DATA TO PROCESS —
=== Section Start ===

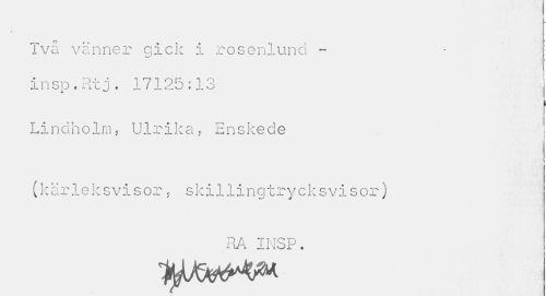 //// » » //// Två vänner gick i rosenlund - //// w //// insp.Rt j. 17125:13 //// \ //// Lindholm, Ulrika, Enskede j //// ¦ J //// (kär1e k svis or, s ki11i ngtryc ksvis or) //// RA INSP. ////
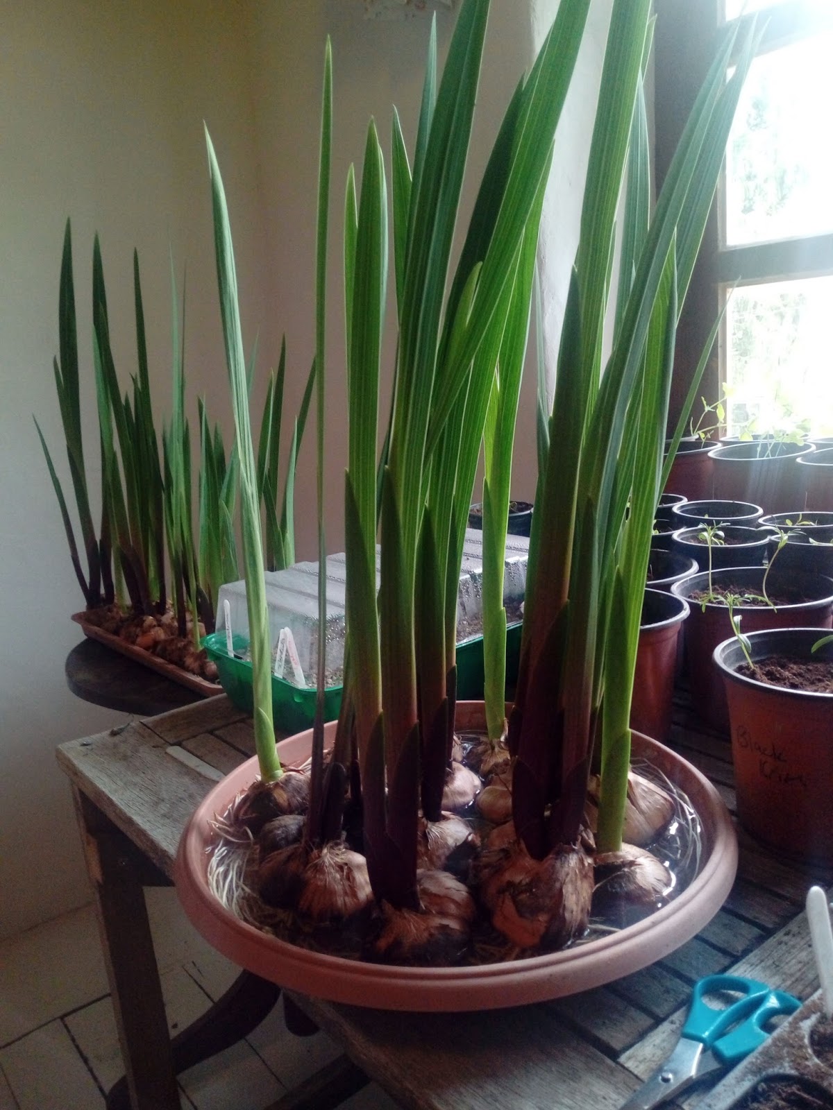 | Remember I mentioned we were forcing our gladioli bulbs in water? It works. It works ridiculously well! |
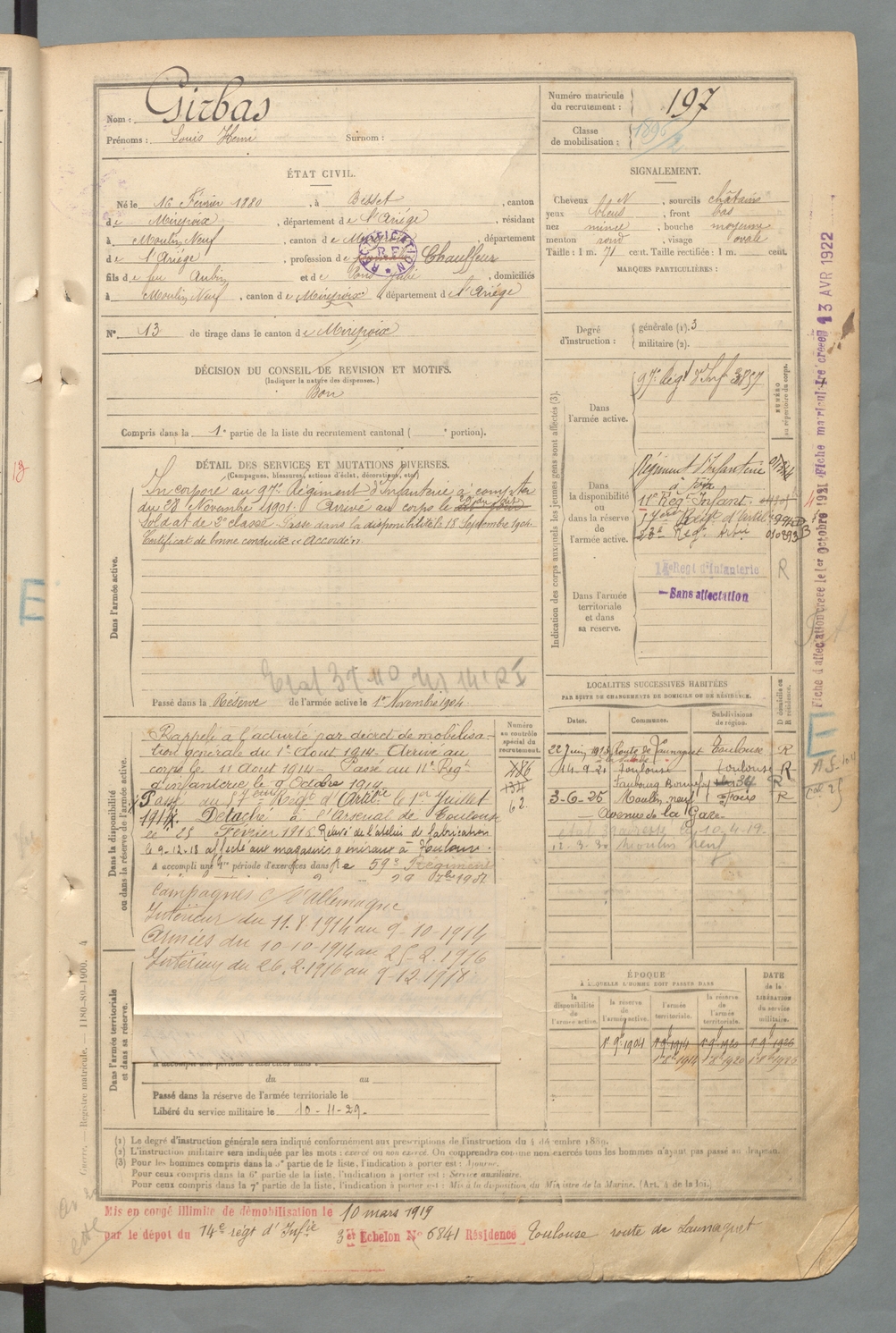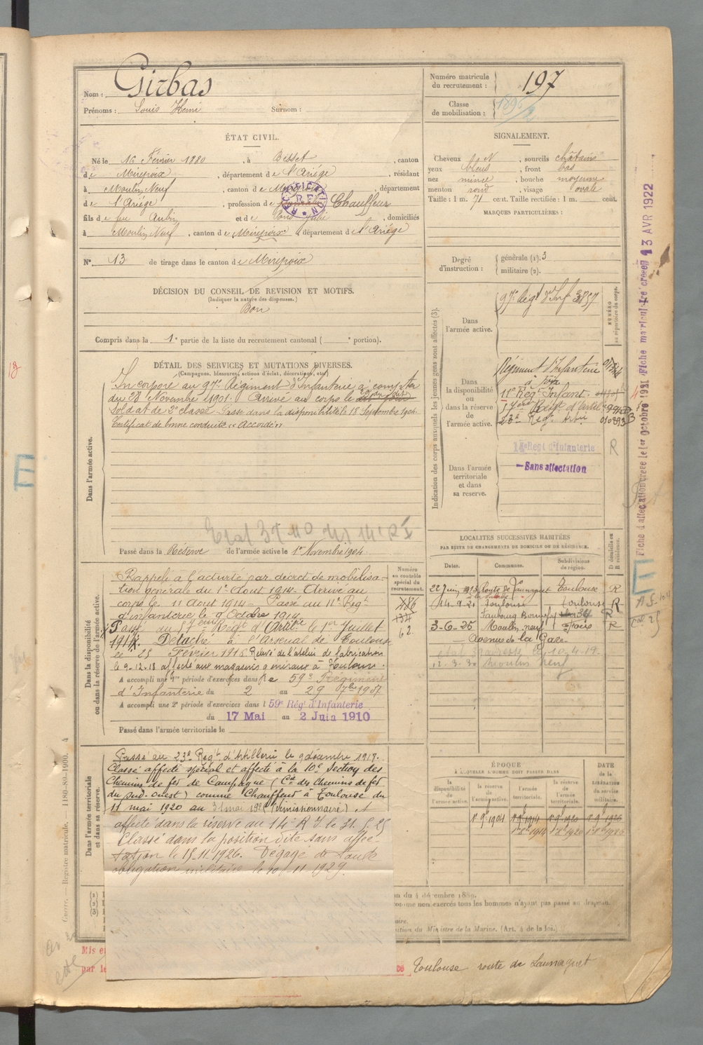 | Girbas | Louis Henri | FOIX | 129 W 2 | 1900 | Besset | Moulin-Neuf | 197 |
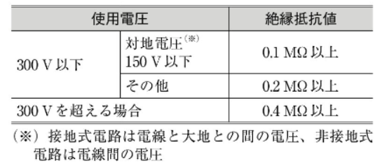 一般的に、法律などで定められた基準値(例えば低圧電路では0.1MΩ以上など)がある。 - 放電
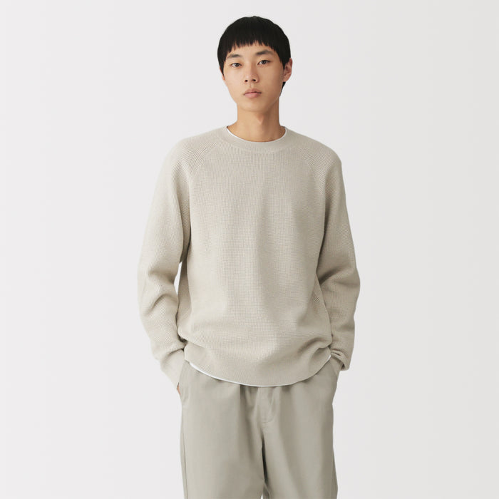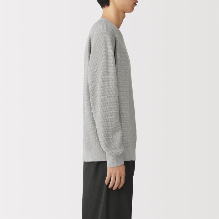 This men's crew neck sweater offers the warmth and softness that only cotton can provide, made with a comfortable cotton polyester blend. The featured waffle knit texture gives it a casual, relaxed look that is perfect for everyday wear. Washable and easy to care for at home for convenience.
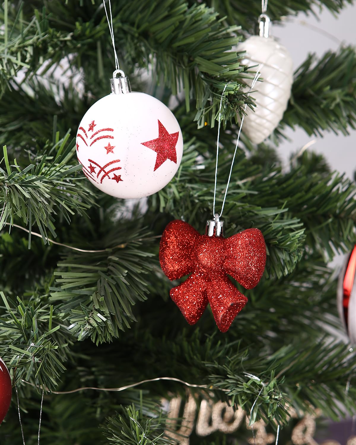 105-teiliger Weihnachtsschmuck Set - Rote Kugeln, Schneeflocken, Stern
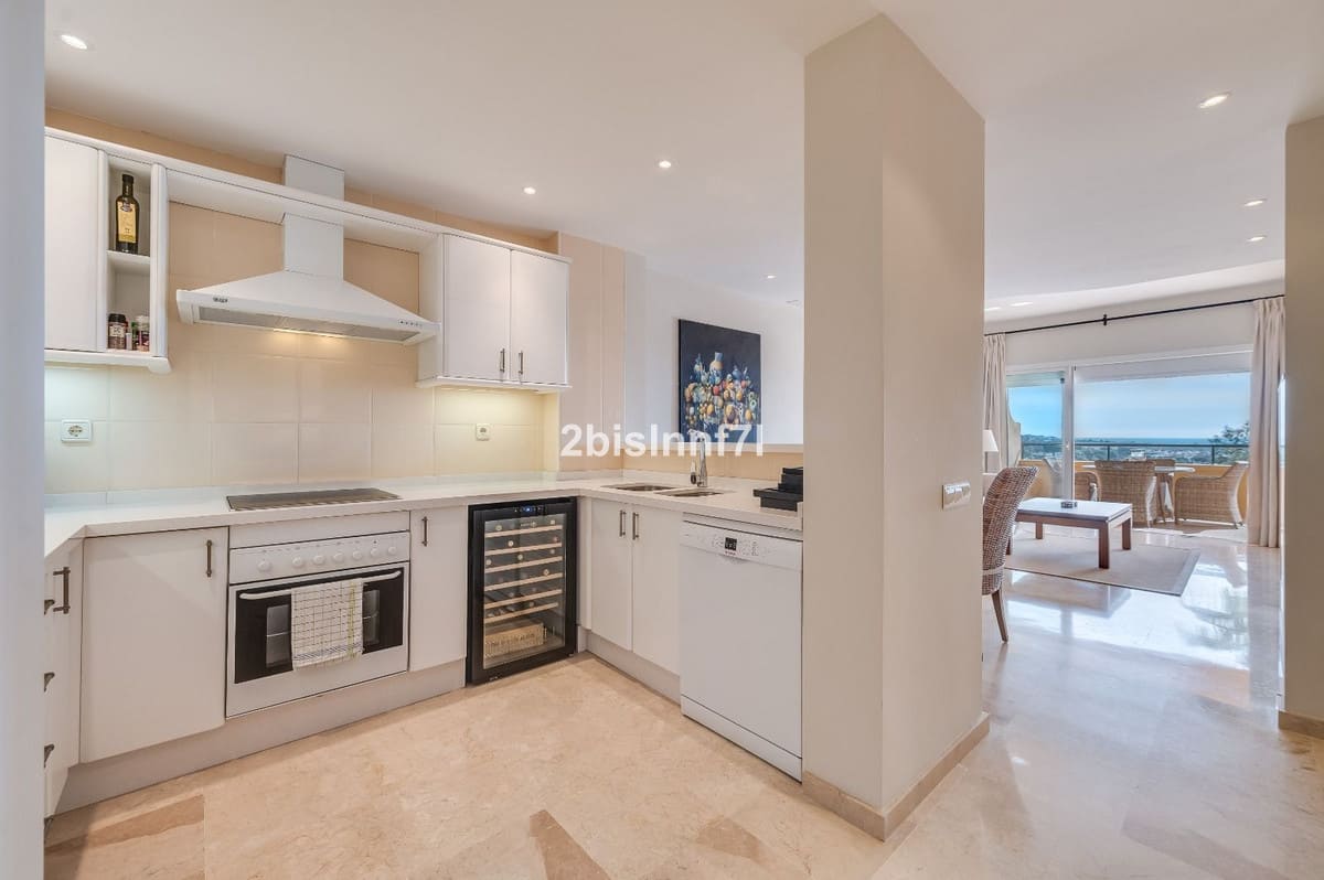 The apartment features a spacious and inviting living and dining area with large sliding doors that open onto a generous terrace offering open, green views. The modern open-plan kitchen is fully equipped and includes a breakfast bar and elegant countertops – ideal for social dinners and relaxing evenings at home. The property offers two comfortable bedrooms and two bathrooms, one of which is en suite with a bathtub and the other with a shower. Bright marble floors run throughout the apartment, and the bathrooms are stylishly finished.
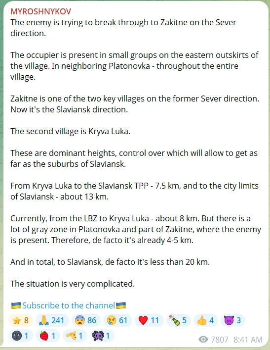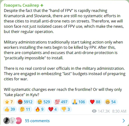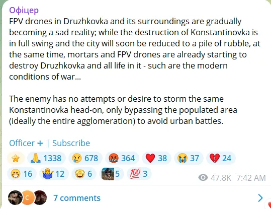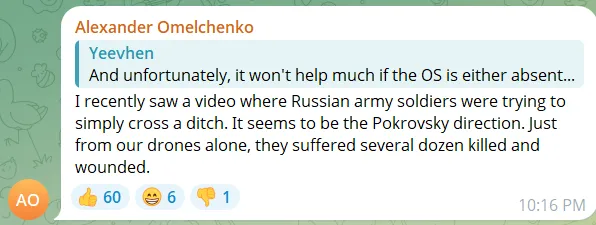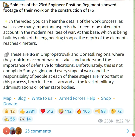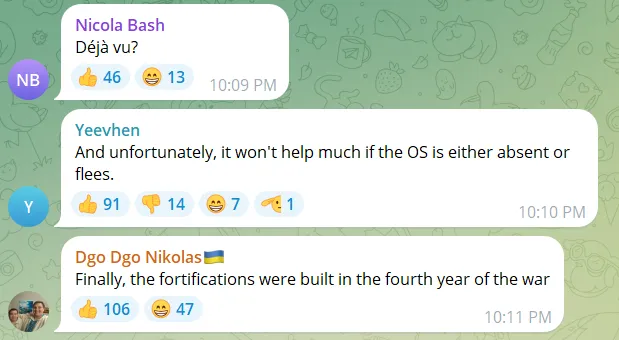 Megnéztem a hírhez fűzött kommenteket a DeepState telegramon. Ez Ukrajna legnagyobb katonai blogja, közel 800 000 feliratkozóval. A legnépszerűbb kommentelőket nem nyűgözte le a hír, rámutatva, hogy hasonló kijelentéseket már korábban is tettek, kevés eredménnyel, és hogy az erődítmények nem sokat jelentenek, ha nincs gyalogság (OS), amely megvédi őket.
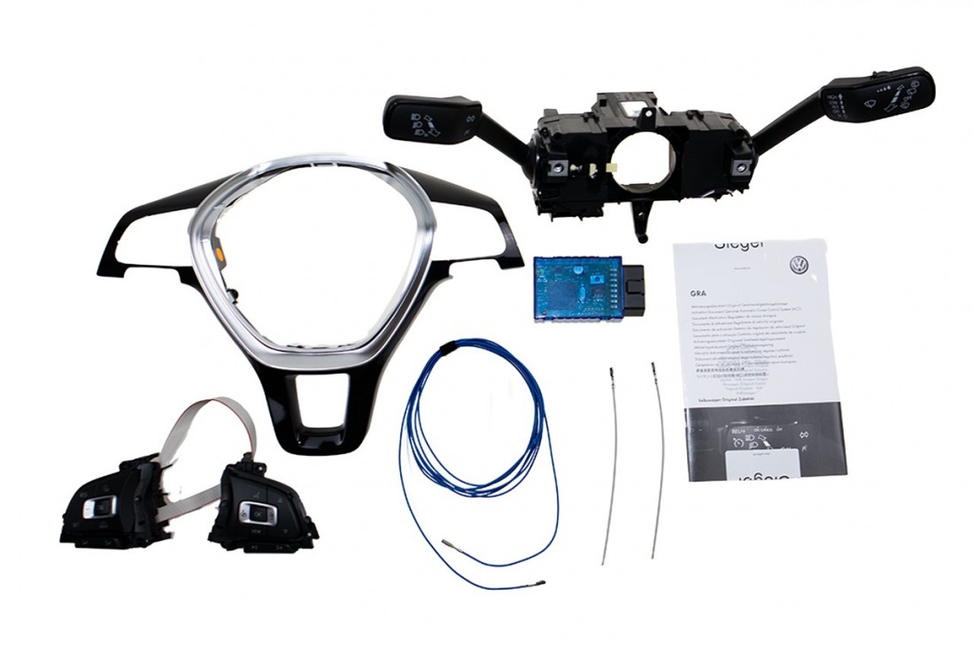 Kit för eftermontering av original farthållare i Volkswagen Polo AW1. Farthållaren reglerar och övervakar automatiskt hastigheten i din VW Polo och styrs via reglaget som monteras på rattstången samt via instrumenthuset / färddatorn sköts inställningar.

=== Section End ===

TASK TO COMPLETE —
Leave out the pictures and copy the rest of the material above exactly.

SOLUTION FOR THIS EXERCISE —
 //// » » //// Två vänner gick i rosenlund - //// w //// insp.Rt j. 17125:13 //// \ //// Lindholm, Ulrika, Enskede j //// ¦ J //// (kär1e k svis or, s ki11i ngtryc ksvis or) //// RA INSP. ////
 | Remember I mentioned we were forcing our gladioli bulbs in water? It works. It works ridiculously well! |
 | Girbas | Louis Henri | FOIX | 129 W 2 | 1900 | Besset | Moulin-Neuf | 197 |
 一般的に、法律などで定められた基準値(例えば低圧電路では0.1MΩ以上など)がある。 - 放電
 This men's crew neck sweater offers the warmth and softness that only cotton can provide, made with a comfortable cotton polyester blend. The featured waffle knit texture gives it a casual, relaxed look that is perfect for everyday wear. Washable and easy to care for at home for convenience.
 105-teiliger Weihnachtsschmuck Set - Rote Kugeln, Schneeflocken, Stern
 The apartment features a spacious and inviting living and dining area with large sliding doors that open onto a generous terrace offering open, green views. The modern open-plan kitchen is fully equipped and includes a breakfast bar and elegant countertops – ideal for social dinners and relaxing evenings at home. The property offers two comfortable bedrooms and two bathrooms, one of which is en suite with a bathtub and the other with a shower. Bright marble floors run throughout the apartment, and the bathrooms are stylishly finished.
 Megnéztem a hírhez fűzött kommenteket a DeepState telegramon. Ez Ukrajna legnagyobb katonai blogja, közel 800 000 feliratkozóval. A legnépszerűbb kommentelőket nem nyűgözte le a hír, rámutatva, hogy hasonló kijelentéseket már korábban is tettek, kevés eredménnyel, és hogy az erődítmények nem sokat jelentenek, ha nincs gyalogság (OS), amely megvédi őket.
 Kit för eftermontering av original farthållare i Volkswagen Polo AW1. Farthållaren reglerar och övervakar automatiskt hastigheten i din VW Polo och styrs via reglaget som monteras på rattstången samt via instrumenthuset / färddatorn sköts inställningar.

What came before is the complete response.